(Beginning of AVAILABLE DATA)

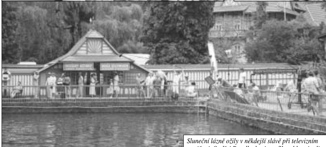
Sluneční lázně ožily v někdejší slávě při televizním natáčení. Ondřej Pavelka hraje ve filmu hlavní roli
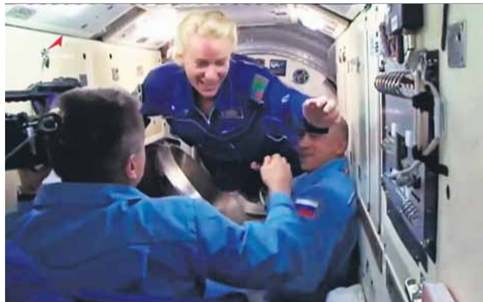
Confinats a l'espai. L'americana Rubins i els russos Rizhikov i Kud-Svertxkov van arribar ahir a l'estació espacial internacional, en una missió que els mantindrà 177 dies lluny de la Terra
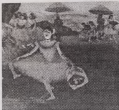
Joonis 3. Degas' „Tantsijanna”

Esiplaanil on tantsijanna, kahel pool tema kõrval figurandid, keegi punase salliga... ning asjad, mis võiksid hea tahtmise korral kuidagimoodi sarnaneda kübaratega... Pigem on need küll päikesevarjud, aga kes teab, inimese pilk, kes püüab kirjutada huvitavalt, võib ehk neid näha väga kummalisel viisil...?
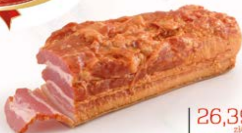
BOCZEK SZLACHECKI PASKI WĘDZONY
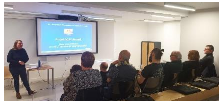
Atelier dédié à l'accueil des étrangers

Profitez de temps d'échanges, d'ateliers, d'informations spécifiques et d'avantages toute l'année en rejoignant notre communauté touristique.
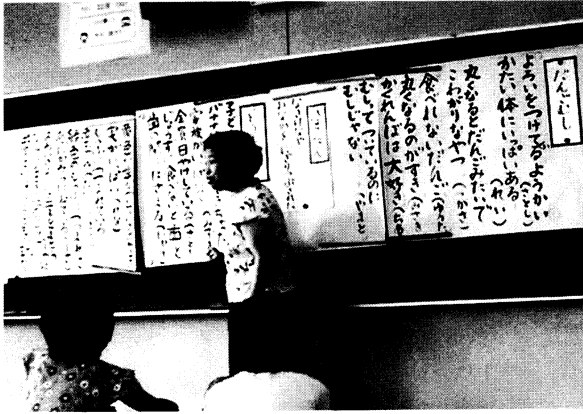
写真2 だんご虫~とうもろこし 板書

「バナナにアトピーできちゃった」と「もうふにつつまれ」と「緑の毛布につつまれた……」この2人合わせると「ぴったりかんかん賞」だね。 ↓ダンゴムシの詩はどちらかというと視覚的なものが多いように思いました。トウモロコシで選ばれた作品は「アトピー。」も「もうふにつつまれて。」も、自分自身の体感としての皮膚感覚が浮かんできたように思えます。
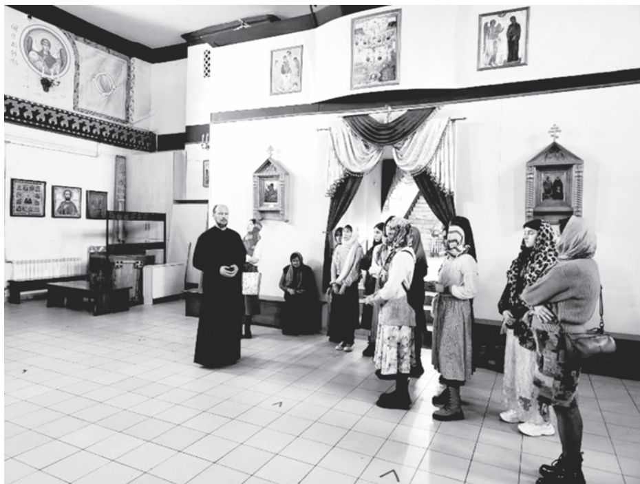
Экскурсия участников конференции в храм во имя Михаила Архангела
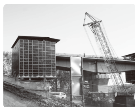
▲張出架設中の天神橋
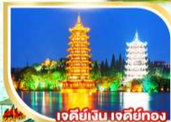
เจดีย์เงิน เจดีย์ทอง
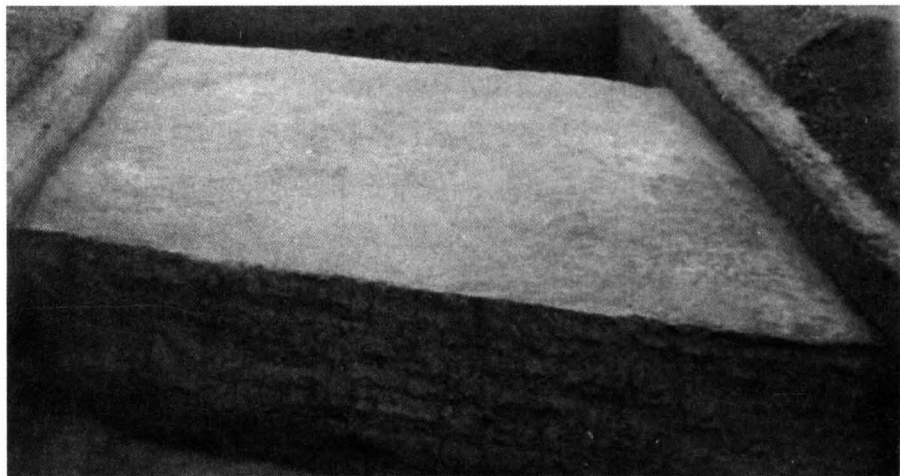
常兴镇柳巷遗址内的夯土墙

唐宋以来，眉县经济快速发展，文化更加繁荣。唐玄宗携杨贵妃多次巡游汤峪，沐浴凤泉神水；众人熟知的八仙，汇聚钟吕坪，留下了不少神奇的传说；“诗仙”李白，迷恋太白山的秀丽风光，写下了许多吟唱太白山的千古绝句；文豪苏轼，在凤翔府任职期间，心系百姓疾苦，数次赴太白山祈雨；关学宗师张载，胸怀四方，忧国忧民，实验井田，创办书院，著就了名垂千古的哲学巨著《正蒙》，创立了博大精深、气势恢
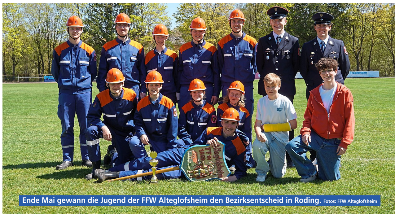
Ende Mai gewann die Jugend der FFW Altglofsheim den Bezirksentscheid in Roding.

Jugendfeuerwehren boomen wie nie zuvor. Ein Besuch bei der erfolgreichsten Nachwuchsgruppe der Oberpfalz nahe Regensburg zeigt, was den Verein so beliebt macht.
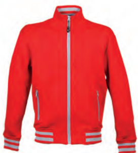
RED 993994 details GREY

(End of AVAILABLE DATA)

Repeat the records above exactly, without any pictures.

Sluneční lázně ožily v někdejší slávě při televizním natáčení. Ondřej Pavelka hraje ve filmu hlavní roli
Confinats a l'espai. L'americana Rubins i els russos Rizhikov i Kud-Svertxkov van arribar ahir a l'estació espacial internacional, en una missió que els mantindrà 177 dies lluny de la Terra
Joonis 3. Degas' „Tantsijanna”

Esiplaanil on tantsijanna, kahel pool tema kõrval figurandid, keegi punase salliga... ning asjad, mis võiksid hea tahtmise korral kuidagimoodi sarnaneda kübaratega... Pigem on need küll päikesevarjud, aga kes teab, inimese pilk, kes püüab kirjutada huvitavalt, võib ehk neid näha väga kummalisel viisil...?
BOCZEK SZLACHECKI PASKI WĘDZONY
Atelier dédié à l'accueil des étrangers

Profitez de temps d'échanges, d'ateliers, d'informations spécifiques et d'avantages toute l'année en rejoignant notre communauté touristique.
写真2 だんご虫~とうもろこし 板書

「バナナにアトピーできちゃった」と「もうふにつつまれ」と「緑の毛布につつまれた……」この2人合わせると「ぴったりかんかん賞」だね。 ↓ダンゴムシの詩はどちらかというと視覚的なものが多いように思いました。トウモロコシで選ばれた作品は「アトピー。」も「もうふにつつまれて。」も、自分自身の体感としての皮膚感覚が浮かんできたように思えます。
Экскурсия участников конференции в храм во имя Михаила Архангела
▲張出架設中の天神橋
เจดีย์เงิน เจดีย์ทอง
常兴镇柳巷遗址内的夯土墙

唐宋以来，眉县经济快速发展，文化更加繁荣。唐玄宗携杨贵妃多次巡游汤峪，沐浴凤泉神水；众人熟知的八仙，汇聚钟吕坪，留下了不少神奇的传说；“诗仙”李白，迷恋太白山的秀丽风光，写下了许多吟唱太白山的千古绝句；文豪苏轼，在凤翔府任职期间，心系百姓疾苦，数次赴太白山祈雨；关学宗师张载，胸怀四方，忧国忧民，实验井田，创办书院，著就了名垂千古的哲学巨著《正蒙》，创立了博大精深、气势恢
Ende Mai gewann die Jugend der FFW Altglofsheim den Bezirksentscheid in Roding.

Jugendfeuerwehren boomen wie nie zuvor. Ein Besuch bei der erfolgreichsten Nachwuchsgruppe der Oberpfalz nahe Regensburg zeigt, was den Verein so beliebt macht.
RED 993994 details GREY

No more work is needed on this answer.